5. Hice que los padres volvieran a ser alumnos.
Durante una semana, los padres tuvieron que asistir al colegio con uniforme, sentarse en las aulas y hacer tareas. No era un juego ni una burla: era una experiencia para vivir la rutina escolar desde adentro. El impacto fue enorme.
“Ahora entiendo por qué mi hija llega cansada, y por qué a veces no quiere hablar de lo que pasó en clase. Es más duro de lo que pensaba”, confesó un padre al terminar la semana.

6. Puse en pausa las notas para evaluar la curiosidad.
Durante un semestre, suspendimos las calificaciones numéricas. En su lugar, cada profesor debía registrar semanalmente qué pregunta nueva había hecho cada alumno. La curiosidad se convirtió en nuestro indicador de aprendizaje. Las reuniones de evaluación fueron profundas, emotivas.
“Nunca me había sentido tan libre para preguntar lo que realmente me interesa”, comentó un alumno de 2° de secundaria.

7. Reemplacé los exámenes finales por una exposición abierta al público.
Nada de hojas, preguntas de opción múltiple ni silencios tensos. Los estudiantes presentaban lo aprendido a través de maquetas, performances, charlas estilo TED o ferias temáticas. Invitamos a padres, vecinos y exalumnos.
“Hoy entendí por qué mi hija ama esta escuela. Nunca la vi tan segura explicando algo frente a tanta gente”, dijo un padre conmovido.
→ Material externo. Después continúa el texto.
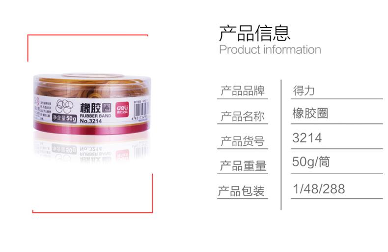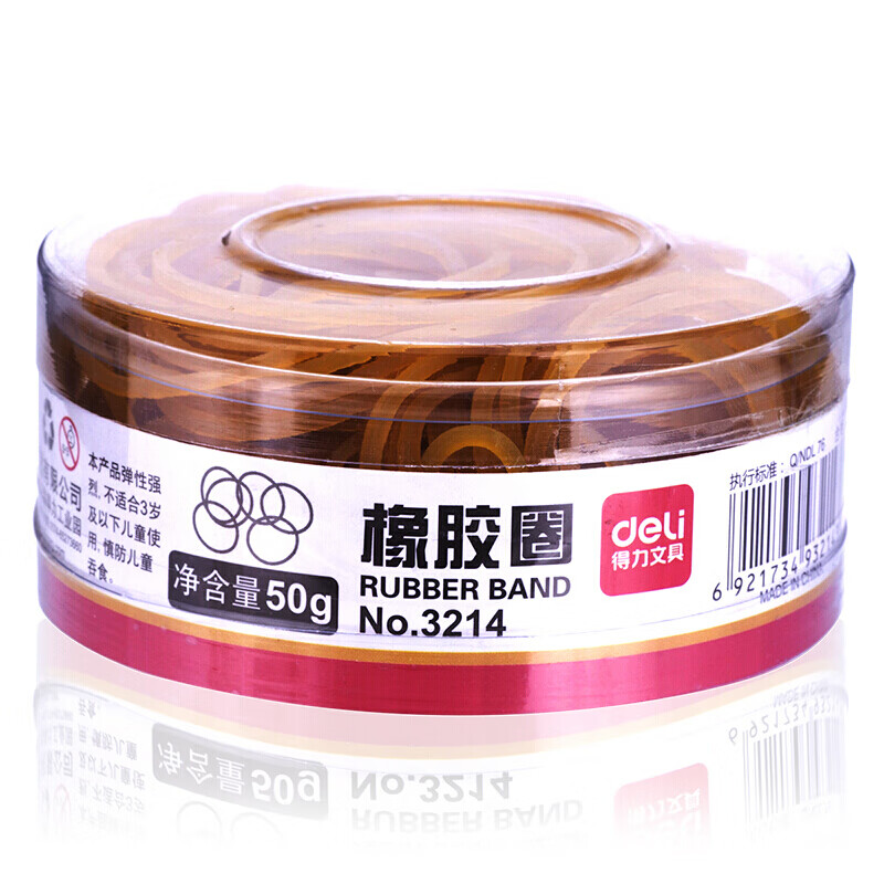 得力(deli)橡皮筋乳胶圈橡皮筋橡胶圈牛皮筋 3214(黄)(50g/筒) 单位:筒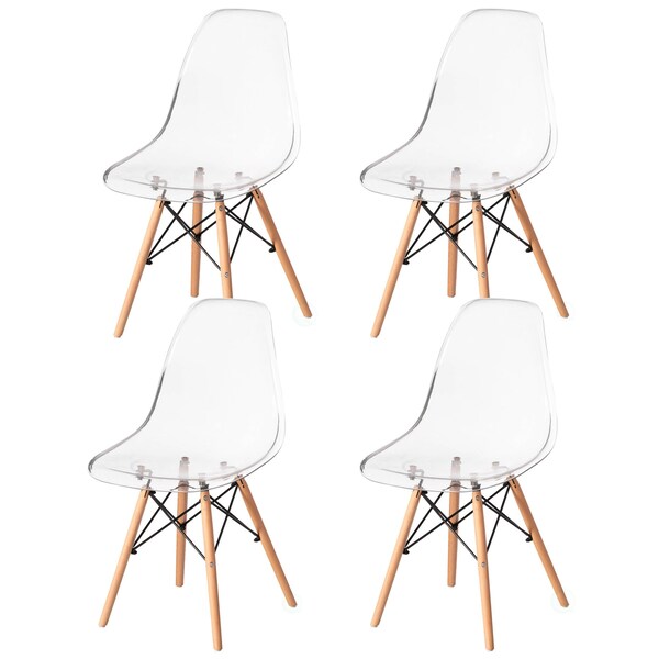 Dining Chair w/Wooden Dowel Eiffel Legs, DSW Transparent Plastic Shell Accent Chair, Clear, 4PK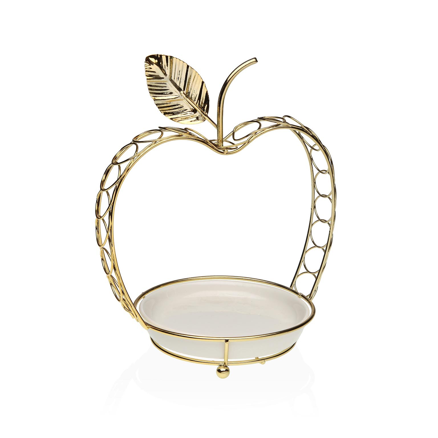 Con una estructura de hierro dorado y una base de cerámica blanca, este accesorio no solo permite organizar joyas y pequeños objetos, sino que también actúa como un elemento decorativo atractivo.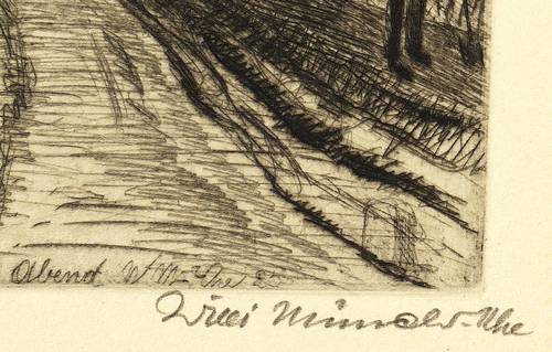 1925. Radierung / Strichätzung & Kaltnadel, in Schwarz, auf hellem Büttenkarton. – Originale Künstlergrafik, von Willi Münch-Khe. – 13,6 x 9,9 cm (Darstellung / Platte), 32 x 23 cm (Blatt).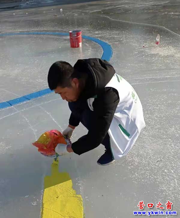 經(jīng)過精心測量,認(rèn)真構(gòu)圖,用斧頭、錛子、鋼釬在冰面上精雕細(xì)刻出五環(huán)圖?。掃凈殘冰,購買涂料,仔細(xì)涂描,于4:20分勝利完工。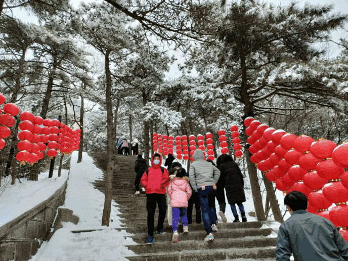 辞旧迎新,正月初一,不少人选择走出家门,去景区游玩行大运。天柱山景区为了给游客提供便利安全的服务,特地在除夕前加班加点清除路上积雪。天柱山上的大红灯笼,为一年一度的新春佳节,增添了浓郁的欢乐气氛。截止下午四时,天柱山游客量1.08万人次。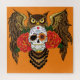 Puzzle Chouette aux crânes de sucre vifs avec roses rouge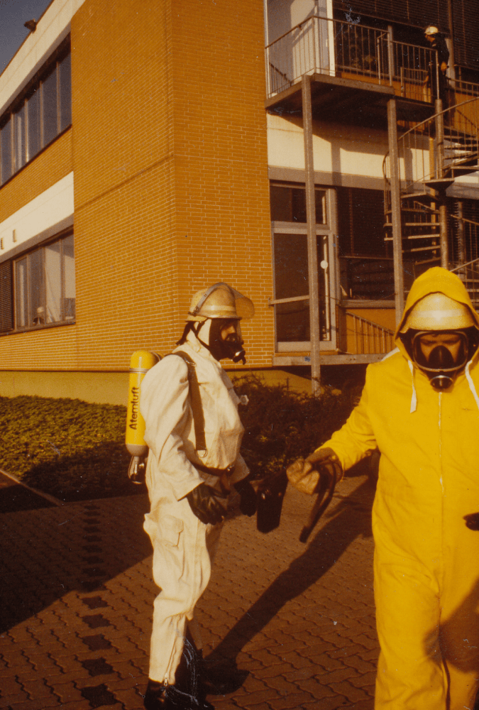 Nach dem Unglück im sowjetischen Atomkraftwerk Tschernobyl führte die Feuerwehr zusammen mit anderen Messtrupps im Kreisgebiet Messungen durch und sammelte Boden-, Bewuchs- und Gewässerproben, die im Umweltamt Darmstadt untersucht wurden.

Lo que hoy parece una locura, una anécdota fuera de guion, podría ser —si se la piensa con coraje y se la sostiene con inteligencia— la cabeza de playa de otra manera de entender la vida escolar. Una escuela donde aprender no sea una excepción inspiradora, sino una experiencia diaria que tenga sentido, humanidad y dirección. Tal vez esas “locuras” no sean el final de la educación como la conocemos, sino el inicio de la que necesitamos.